With Zabbix, it is feasible to build virtually limitless types of data from the system. High-performance real-time monitoring systems that you can control tens of thousands of servers, virtual machines, and network devices simultaneously.
Besides saving the data, visualization features are accessible and extremely flexible ways of figuring out the data for alarming.
Some of the features of Zabbix includes:
- Root Cause Analysis
- Zabbix helps in keeping the data in JSON format, so many applications can also use it.
- Real-Time Monitoring
- Zabbix proxy is highly suggested for wide-scale production systems.
- Drill-Down Reports
- The low-level discovery automatically checks the new nodes without any struggle.
- Highly configurable and extensible.
Zabbix is significant and not just Kubernetes but fit to monitor infrastructure and application metrics too.

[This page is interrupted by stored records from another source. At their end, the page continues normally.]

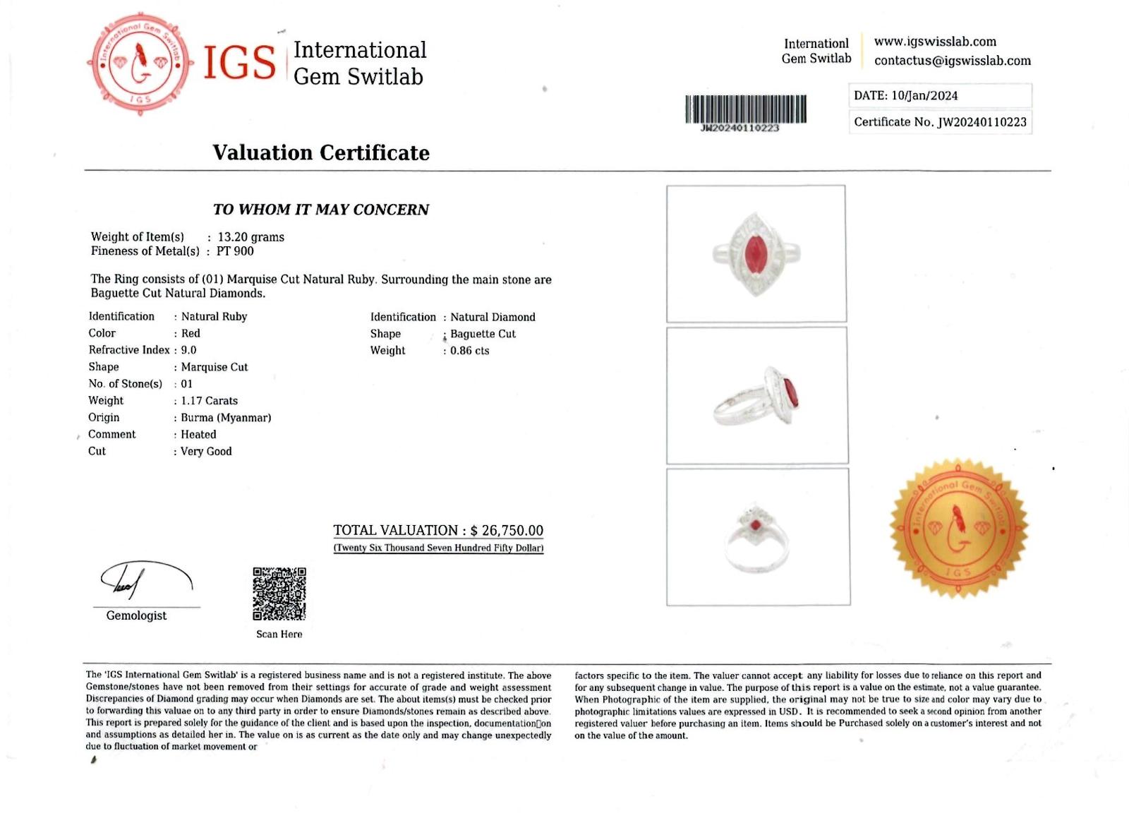 Elevate your jewelry collection with this exquisite 1.17ct Marquise Cut Natural Ruby Ring, a timeless symbol of passion and elegance. The captivating marquise-cut ruby takes center stage, boasting a rich, vibrant hue that reflects its natural origin.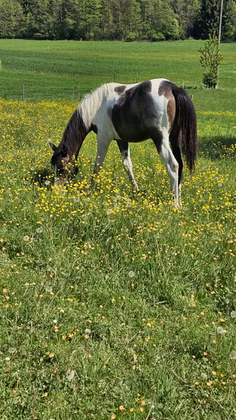 Diese wunderschöne Stute hört auf die Name Oshana und ist ein riesen schmuse Maus. Sie liebt kuscheln und kommt mit andere Pferden super klar. Sie ist allerdings ein Jungpferd die Ausbildung braucht und da sehr gern ihr Grenzen testet. Sie ist sehr Menschen bezogen und wie oben erwähnt liebt sie auch die Nähe von Menschen und kuscheln. Aber besonders beim Ausbildung mag sie momentan gern ihr Kraft als "teenager" testen. Definitiv ist sie ein Pferd für erfahrene Besitzer. Sie steht im Offenstall und verträgt sich gut mit alle andere Pferden. Ihr werden gerade die Basics beigebracht und trainiert aber sie muss weiter trainiert werden. Allerdings muss ich mich leider aus finanziellen und gesundheitlichen gründen schweren Herzens von ihr trennen. Ich hoffe ich finde die richtige zuhause für sie. Bei bedarf kann auch die Ausrüstung wie Halfter & Stricke mitgenommen werden.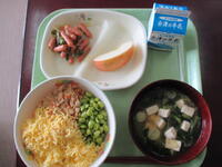 三色丼、野菜とウィンナー炒め、果物、野菜たっぷりみそ汁、牛乳でした。彩り豊かな給食をいただきました。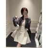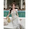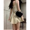 Apricot square neck suspender dress, women's spring innocence, waist short skirt, casual women's polka dot print women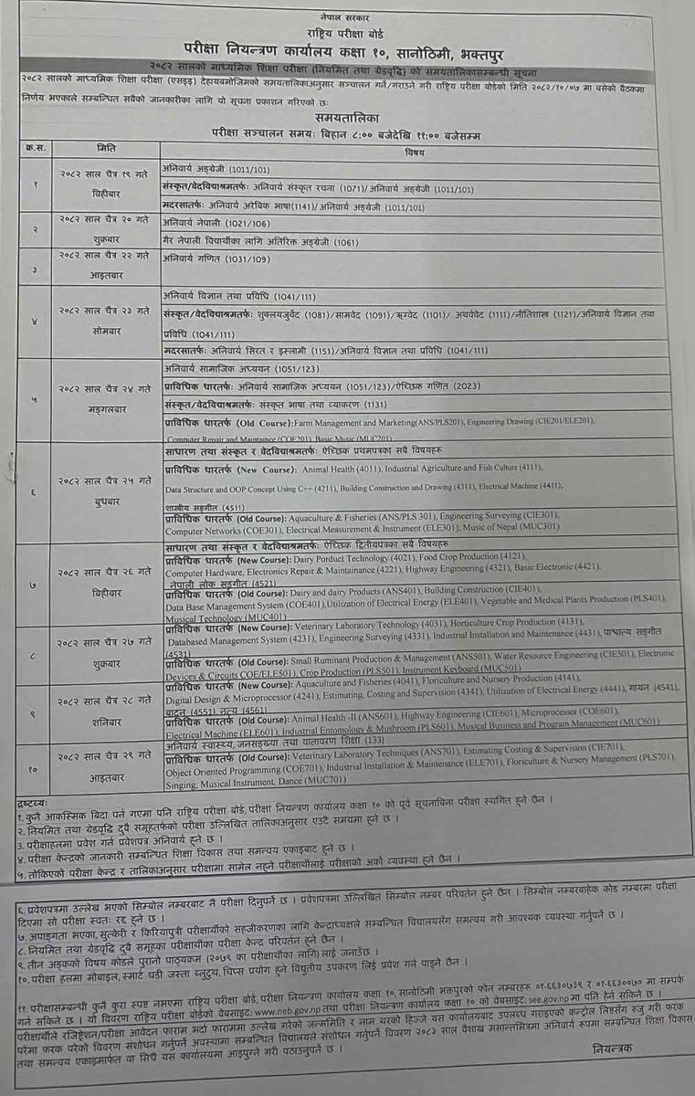 काठमाडौं । राष्ट्रिय परीक्षा बोर्डले माध्यमिक शिक्षा परीक्षा (एसईई) २०८२ को परीक्षा तालिका सार्वजनिक गरेको छ।

If you are interested in learning Zabbix, then check out this brilliant course.
Not exactly a monitoring tool, but Kubernetes Dashboard is a general-purpose UI for Kubernetes where you can manage and troubleshoot the Kubernetes cluster.
If you don’t have any monitoring tools, then Dashboard would be a good start. Check out the installation guide.
Choosing the right Kubernetes tools is crucial. But guess what? Above all is available in FREE to try, so why not give it a try to see what works for your Kubernetes monitoring?
Happy monitoring and troubleshooting!